Comment by hamstergene
18 hours ago
What I didn’t like about this series of books was choosing “garbage collection” as umbrella term for both tracing GC and reference counting, without verifying if programming community would agree with that, which turned out they didn’t.
I’ve seen a lot of threads here and on reddit where people were arguing about terminology purely because of this book alone.
By that definition, C++ code has garbage collection if it uses std::shared_ptr, going against widespread common usage of the term “garbage collected programming language” which specifically contrasts manual languages like C++ or Rust against garbage collected ones.
“Automatic Memory Management” is a lot more suitable description to what programmers have to do to manage memory; it is now in the title but still hasn’t become the primary term.
> What I didn’t like about this series of books was choosing “garbage collection” as umbrella term for both tracing GC and reference counting, without verifying if programming community would agree with that, which turned out they didn’t.
This has been the standard terminology in memory management research for many decades. The only programmers who don't like it are those who don't understand the principles of memory management.
> By that definition, C++ code has garbage collection if it uses std::shared_ptr
That's right.
> going against widespread common usage of the term “garbage collected programming language” which specifically contrasts manual languages like C++ or Rust against garbage collected ones.
Since this contrast mostly exists in the minds of people who don't understand memory management, going against this common misconception is good. That's not to say that there aren't some interesting tradeoffs that often align with the colloquial perception, "garbage collection" isn't the interesting part. As you said, both C++ and Rust use GC; in fact, they use a GC somewhat similar to the one used by CPython.
This reminds me a bit of the way academics in programming language theory internalized the type-theoretic definition of the word “type” over and against the traditional programming definition. You sometimes see people who try to correct the term “dynamically typed language,” which makes perfect sense when types are data types, to “untyped” or “unityped,” which makes sense when types are mathematical constructs equivalent to proofs.
The colloquial term is clear in context, and it draws its boundaries in useful places. If academia prefers other boundaries to simplify its formal definitions, that’s understandable. But the rest of us shouldn’t restrict our language in that way.
It's not about restricting the language. It's that practising programmers often don't know a subject well enough, so they use different words to make distinctions that don't matter as much as they think (see "transpile"). "Dynamically typed" is actually not that big of an offence (because the distinction is real, it's just that the terminology is a bit muddled), and the people in PL theory who are bothered by this (most notably one person) are considered pedants even among their colleagues.
E.g. many practising programmers don't know that tracing moving collectors are used to avoid some of the high overheads associated with memory allocators (malloc/free), which are themselves big and complex beasts that make up substantial "runtimes" (another misused and misleading word).

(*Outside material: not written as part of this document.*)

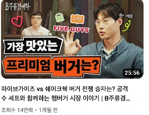 이뿐만이 아니다. 뒤에 또 얘기하겠지만, B주류경제학 스튜디오의 골방 분위기, 인테리어 소품, 마이크, 3계구도, 화질, 편집, 트랜지션 등들이 어우러져 고급스럽고 세련된 이미지를 주면서 집중이 될 수 밖에 없는 구조를 가지고 있다.

I think GC's definition is pretty clear cut. How is counting references to determine when a lifetime ends materially different from another way of doing the same thing? Like there is even a paper that shows that one is tracking liveness, while the other tracks "deadness" and they are literally going at the same thing from different ends.
If anything, I often see a bias against tracing GCs from the people misusing the term, to "hype up" their choice of language that it must be better for not having (tracing) GC, when it usually just has ref counting which in many metrics is actually worse, given equal usage -- rust/cpp gets away from that because they only use it on a handful of objects, other lifetimes being driven by RAII, which is pretty much just compile-time decidable ref counting?
13 replies →
I've always considered shared_ptr to be semi-garbage collection. Allows me to code C++ almost as if it were Java so long as circular references are avoided. I'm perfectly fine with it being considered a type of garbage collection.
> so long as circular references are avoided
And there's always weak_ptr if a cycle makes sense for some reason but you still want it to clean up correctly. Like having a child node point up to a parent or the root in a tree structure.
The Linux kernel has garbage collection, and not just the controversial refcount kind.
I'll go further. Linux heavily uses a form of garbage collection that cannot be implemented in typical userspace (without awkward & slower additions to the consistency algorithm).
https://en.wikipedia.org/wiki/Read-copy-update
Instead of "garbage collection", you can say "dynamic lifetime determination". If code does work at runtime to answer the question "is it safe to free this piece of memory?", that's dynamic lifetime determination, and is a property shared by both reference-counting and more sophisticated GC schemes.